A Sourdough Baking Journey. Updated 07/06/2020

 

How does a Sourdough Baker end up writing on a Transition blog?

Maggie, (my wife) and I sold our bread for 9 years at Machynlleth Market in Wales. Machynlleth we discovered is a great place to meet up with an amazing cross section of purposeful people from such varied backgrounds. One of those people was Ann Owen. Although most of our conversations together were ‘snippets’ exchanged quickly whilst we were exchanging currency for Bread I soon realised the many ‘connections’ that existed between my own journey, influenced by my Sourdough Baking, and Ann’s journey influenced by Permaculture, Transition movement, and Local activism .

Sometime in 2011 Ann asked me if I was interested in being a guest blogger, so here I am.

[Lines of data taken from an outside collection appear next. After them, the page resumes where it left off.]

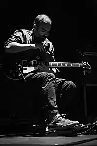 Although various members of the band are often pinned down as anarchists, no one in the band explicitly subscribed to this label;[18] however, as of 2014, Menuck was calling himself an anarchist.[19] In any case, there is a strong political component to the band's music.[20] Much of the band's music exudes left-wing and progressive themes. For example, the liner notes to Yanqui U.X.O. describe the song "09-15-00" as "Ariel Sharon surrounded by 1,000 Israeli soldiers marching on al-Haram Ash-Sharif & provoking another Intifada,"[21] the back cover of that album depicts the relationships of several major record labels to the military–industrial complex. During the at State's End! tour, Menuck showed his support for trans people, writing on his amplifier "transphobes eat shit and die alone".[22][23] Several of its songs also incorporate voice samples which express political sentiments, most notably "The Dead Flag Blues" (on F♯ A♯ ∞) and "BBF3" (on Slow Riot for New Zerø Kanada).
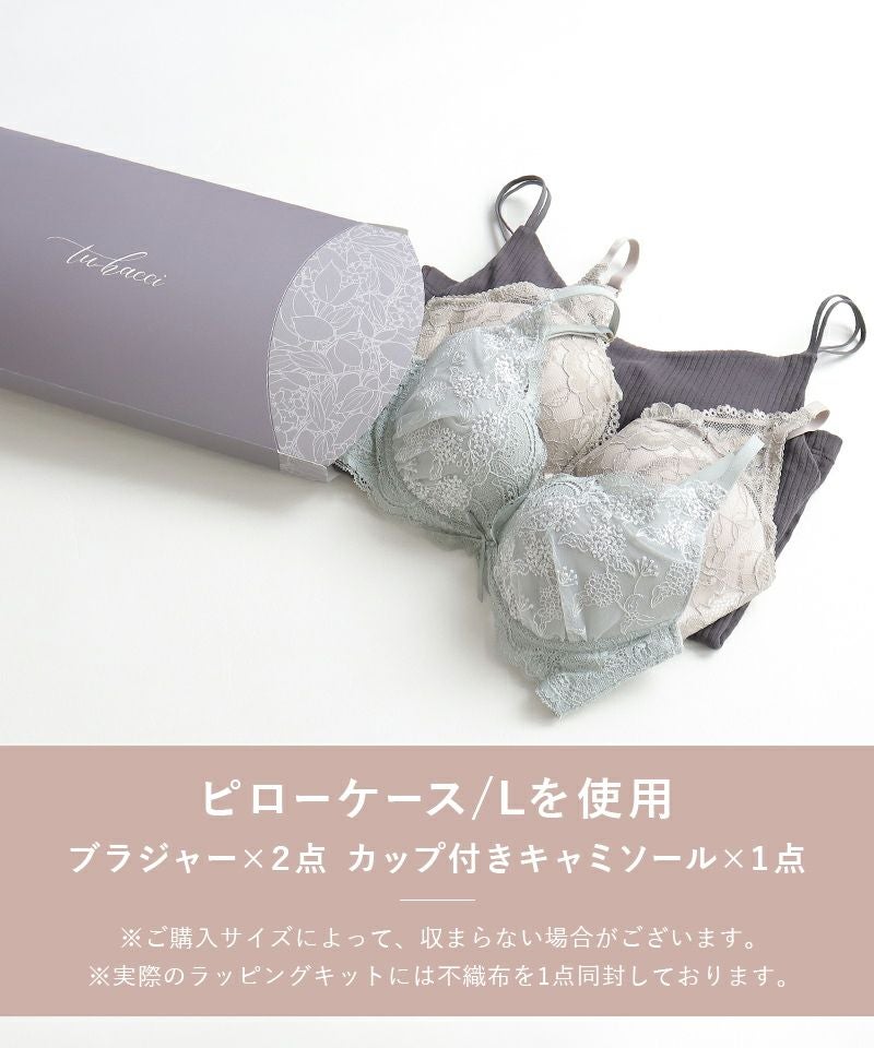 ◇ピローケースM:ショーツ1~2枚程度 ◇ピローケースL:ブラ&ショーツ1~2セット、ブラキャミ1着程度 ◇ショッパーM/長方形:腹巻パンツ3枚程度、ショーツ5枚程度、あったか肌ケアインナー3枚程度 ◇ショッパーL/正方形:P.snowトップス&パンツ1セット、ロングガウン1枚程度、タオルワンピース1枚程度、カーディガン+ナイトブラワンピース、ブラ&ショーツ3セット程度 ※素材やカップの厚さによって前後する場合がございます。 ※P.snowシリーズは「ピローボックスL」に収まりません。ご購入の際はご注意ください。 ※ショッパーはピローケースのサイズに対応しています。 (ショッパーMにはピローケースM、ショッパーLにはピローケースLが入る大きさ)
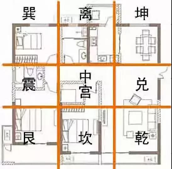 由上圖可見,九宮位的九個位置,分別代表著不同的意義,所以我們只有準確的確定了九宮位,才能準確判斷住宅風水的好壞。
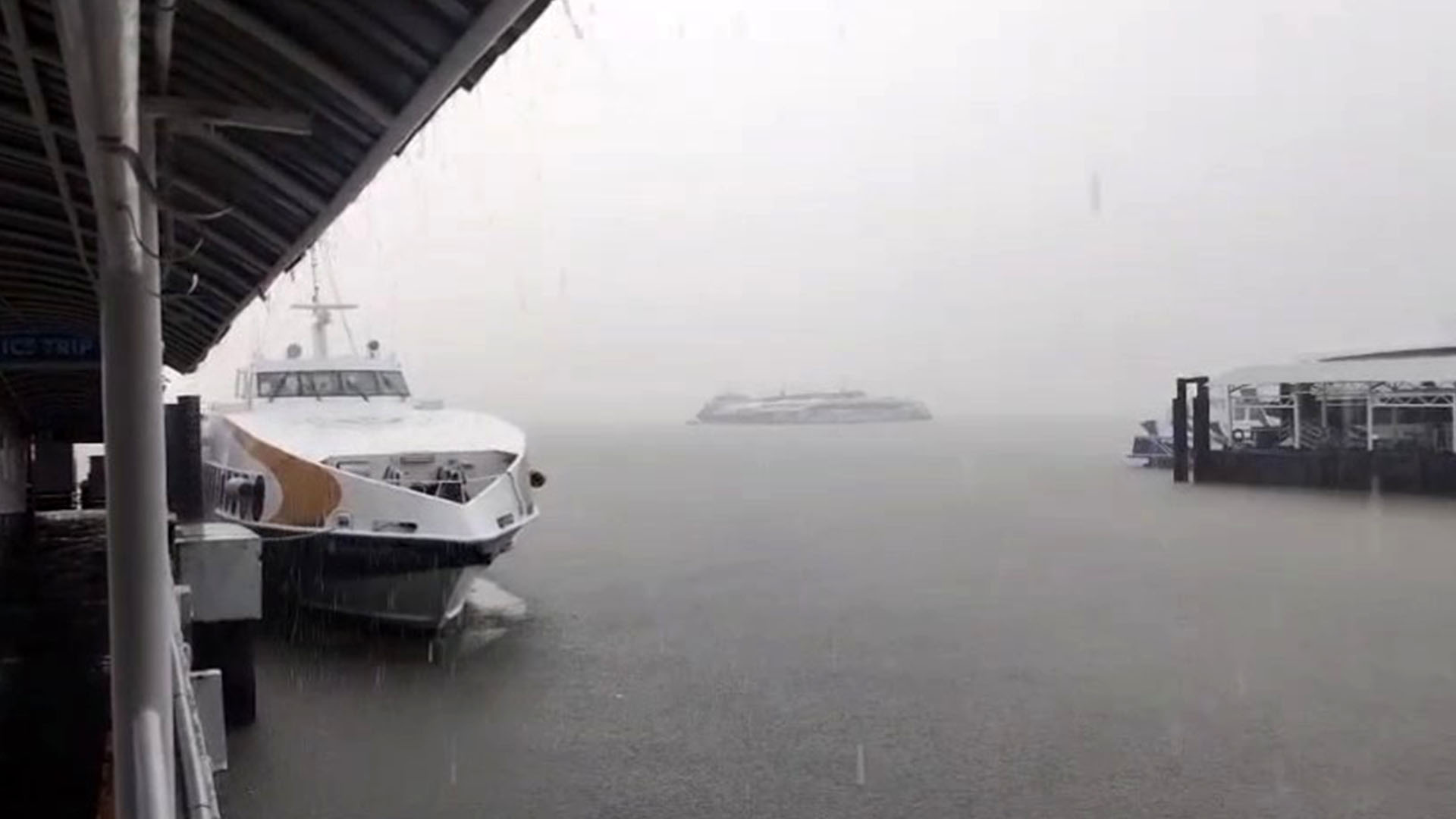 Beberapa kapal tujuan Singapura dan Malaysia terpaksa menunda keberangkatan akibat kondisi cuaca ekstrem tersebut.
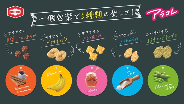 『80g 洋風あられコレクション アラコレ』で人気だった「ハニーあられ」と、当社商品で人気のパーツ「黒糖シナモンあられ」、そしてトレンド素材の「バナナチップス」、そこに「ソルトあられ」や「枝豆ハーブチップス」も加わって、1個包装での見た目や味のバラエティー感を充実させました。
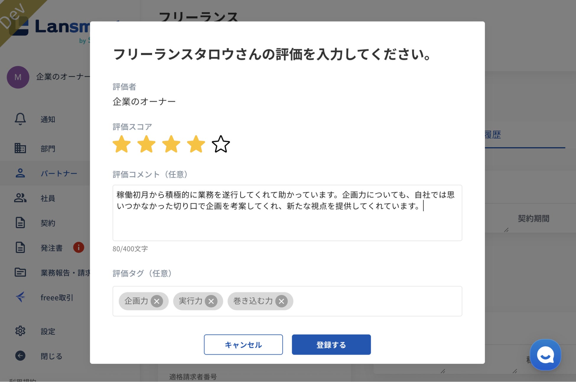 こうした状況を受けて、「Lansmart by SmartHR」では、企業が業務委託者に対する定量・定性の評価データを蓄積し、社内で共有できる「パートナー評価機能」を提供いたします。本機能を通じて、業務委託者一人ひとりが力を発揮できる環境づくりを支援します。
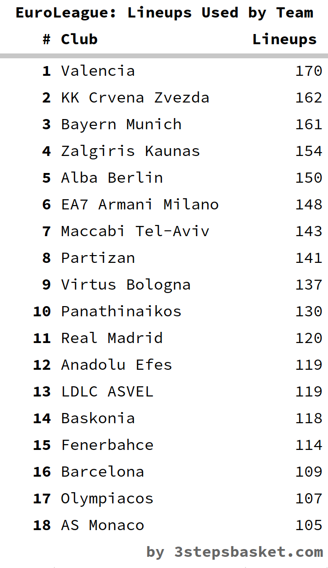 Η Euroleague έχει μια ιδιαίτερη λίστα, σύμφωνα με το «3stepsbasket.com», με τις περισσότερες πεντάδες που έχουν χρησιμοποιήσει οι 18 ομάδες της κορυφαίας διασυλλογικής διοργάνωσης. Ο Ολυμπιακός λοιπόν είναι 17ος, αφού έχει 107 διαφορετικές πεντάδες, την ώρα που στην κορυφή είναι η Βαλένθια με 170 (!).
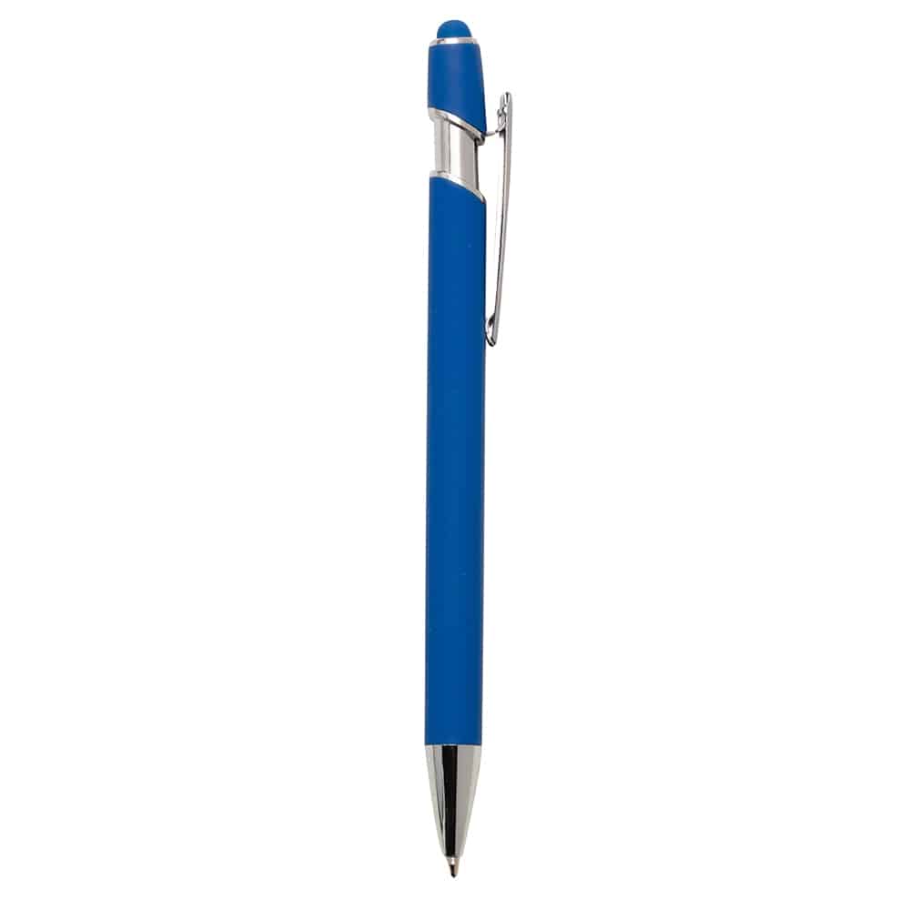 Caneta metal com ponteira touch. Corpo com pintura colorida e acabamento emborrachado, acionador com borracha touch e clip metálico com detalhe brilhante. Aciona por clique.
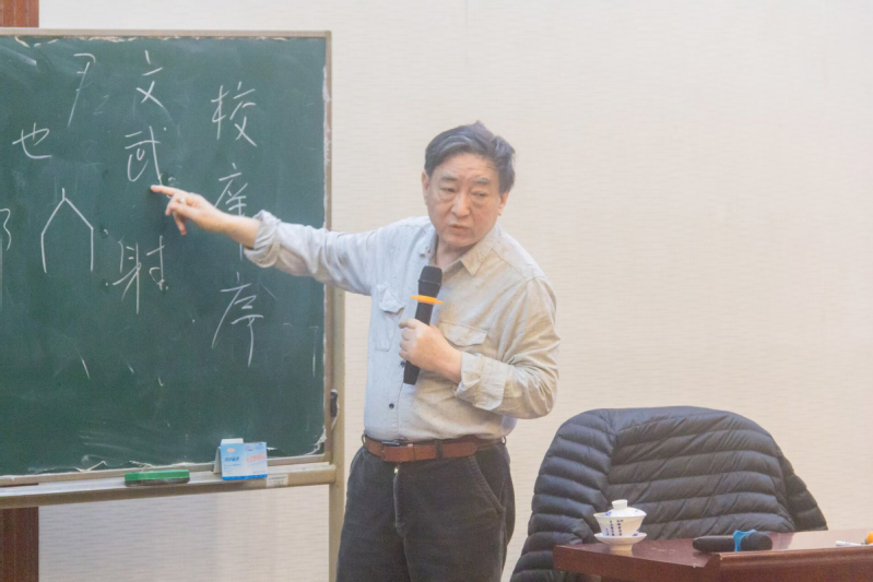 讲座伊始,张教授提出了“育人非育器”的教育主张,并做了深入浅出的阐释。他着重强调,在教育中要培养学生正确的天地观念,努力构建人与自然、人与自我、人与社会的和谐关系。接着,他将人类积累式学习与动物即时性学习做了比较,指出文字对于文明传承与人自身发展的重要价值。最后,他从字源的角度出发,深刻阐述“道”的意义。大家认真记录,感触颇深。张教授勉励大家应深刻认识急剧变化的时代,在传统与现代两个向度上履行好所肩负的教育使命。此次讲座在热烈的掌声中落下帷幕。
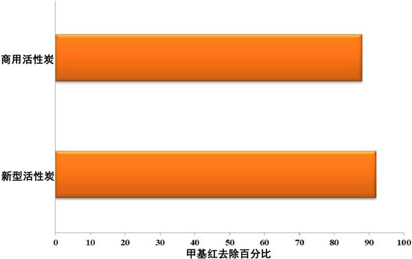 經(jīng)過(guò)批量吸附測(cè)試數(shù)據(jù)后,將新型活性炭的結(jié)果與當(dāng)?shù)乜捎玫纳逃没钚蕴窟M(jìn)行了比較。圖4表示與活性炭的比較實(shí)驗(yàn)數(shù)據(jù)。
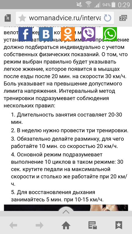 Что касается езды на скорости 30 км/ч, да еще и 20 минут и "при этом вы будете ощущать легкое жжение", это бред. Попробуйте - вы убьетесь, даже если сможете поддерживать данную скорость хотя бы 2 минуты. Средняя скорость 30 км/ч не доступна для людей, слабо увлекающихся велосипедом. В любом случае, 20 минут такой нагрузки можно проводить не чаще раза в неделю, это очень вредно для сердца.
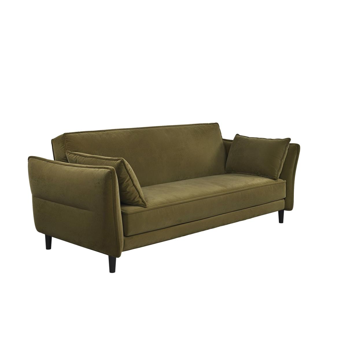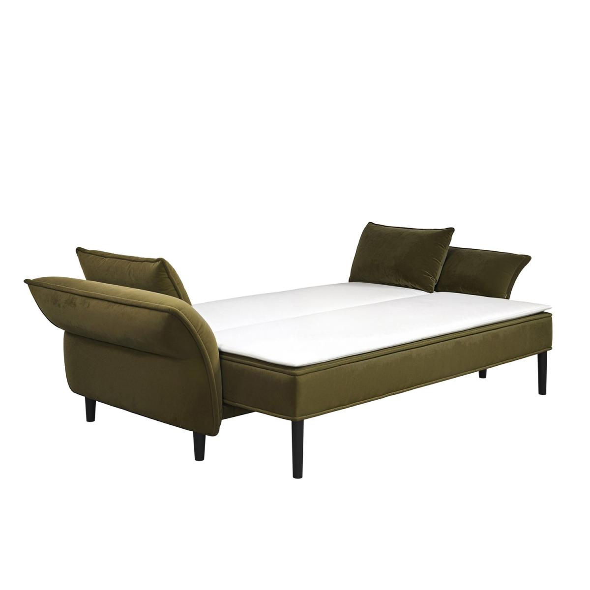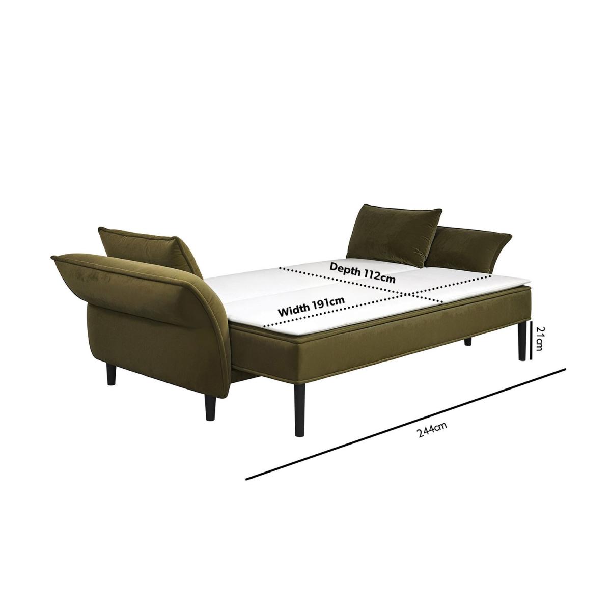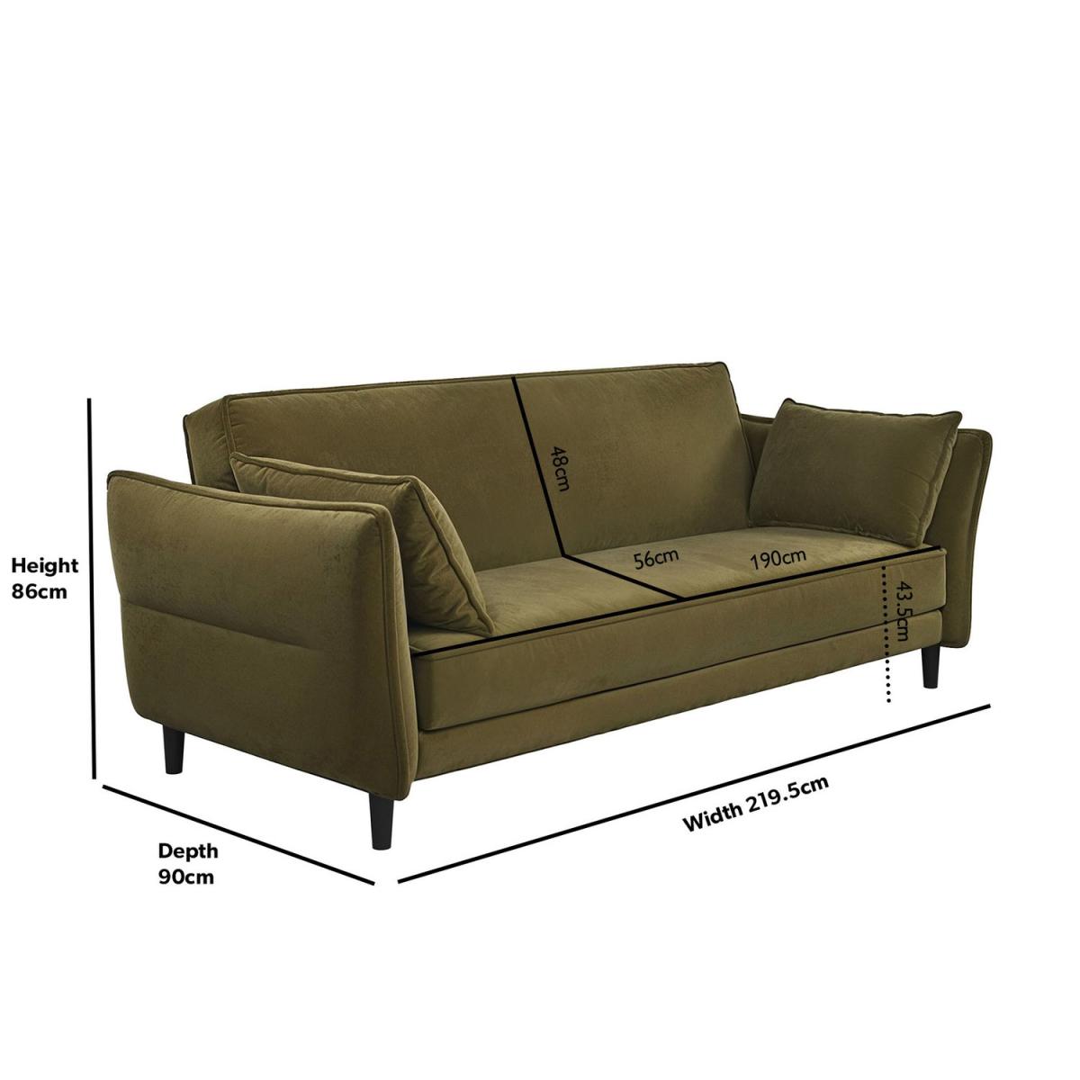 Foam filled Wrapped throughout in a calming Khaki Green velvet, this piece adds a warm and relaxing splash of colour and texture to any living space. Quickly transform from a cosy sofa to a spacious bed, ideal for overnight guests and small spaces. The arms fold out to provide a comfy headrest and ensure your guests can stretch out and relax A built-in mattress and plush cushioning provide cosy seating and ensure a restful sleep. Ideal for small apartments, guest rooms, or multipurpose spaces, offering seating and sleeping in one smart design. The Bobby Sofa Bed is perfect for overnight guests. It effortlessly transforms from a cosy 3-seater to a spacious double bed with a smooth click-clack mechanism. It features a fold-out foam layer to add to the comfort and ensure a great night's sleep. Its sleek silhouette is fully upholstered in a calming khaki green velvet, keeping it looking great wherever you choose to place it in the room. The armrests fold out to provide the perfect headrest and keep you comfy for a restful night’s sleep. Two matching scatter cushions are included to complete the look and add extra comfort.
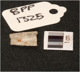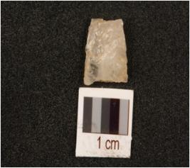 | Description / विवरण | Fragment quartz blade with use wear marks along cutting edges, ridge on a dorsal surface and triangular section. |

My baking journey began in the mid 70’s when I took a job as a night baker in a small family bakery. There I learned the difference between a long fermentation yeasted dough and what was becoming increasing popular at that time a ‘no time yeasted dough’. At the college where I began part-time training as a master baker, apart from one other student who like me worked in a craft bakery, the rest of the group of 25 all worked in ‘Hot Bread shops’. These shops offered bread which was made very quickly and it meant small bakeries had the opportunity to end night shift working. Although this obviously led to better working conditions by having day shift rather than night and attracted a lot of young people into baking it produced bread with no substance made using chemical additives and being quite indigestible for many people. But at a time when the main baking industry was producing the ‘sliced white’ using the ‘Chorleywood’ process it was a way for small bakeries to seemingly maintain their independence and appear to offer the better bread.

Economical conditions at that time, ended my first journey into baking. It was just over 20 years before I got to work in a bakery again. In that time Maggie had faithfully made bread for our family.

In the early 90’s we moved to Wales. I was still working in London and the East Counties where I distributed Wholefoods. This meant each week I would pass through Llandovery in the early hours of the morning on my way home. Feeling tired one morning I knocked on the window of Ken’s Bakery. Ken was there working a night shift on his own. He invited me in, pointed me towards the kettle, and I made us a morning tea.

I ‘m not sure if it was the lovely smells in the bakery or the familiar ‘ding’ of the swing balance weighing scales, or Ken’s welcoming nature. Whatever, it got my senses going and my heart beating and yearning to be back ‘with the dough’. So during the next couple of years I started helping Ken out a few nights a week. Although I got on very well with Ken and respected him in his methods of bread making he and I acknowledged that I needed to go forward and learn new methods and ways of making bread . So a new journey begun .

Our home is a smallholding in the middle of nowhere with no mains electric. At the time Maggie and I were full-time carers for our youngest daughter, Mair, who needed special care. It was not possible to consider working away from home every day and have a shop. We decided we needed to be able to bake from home.

The first step towards it came in the form of a wind turbine. As Mair got older we needed power 24 hours a day. Living then with the turbine for a few years and seeing how effective it was encouraged us to look further into setting up a bakery.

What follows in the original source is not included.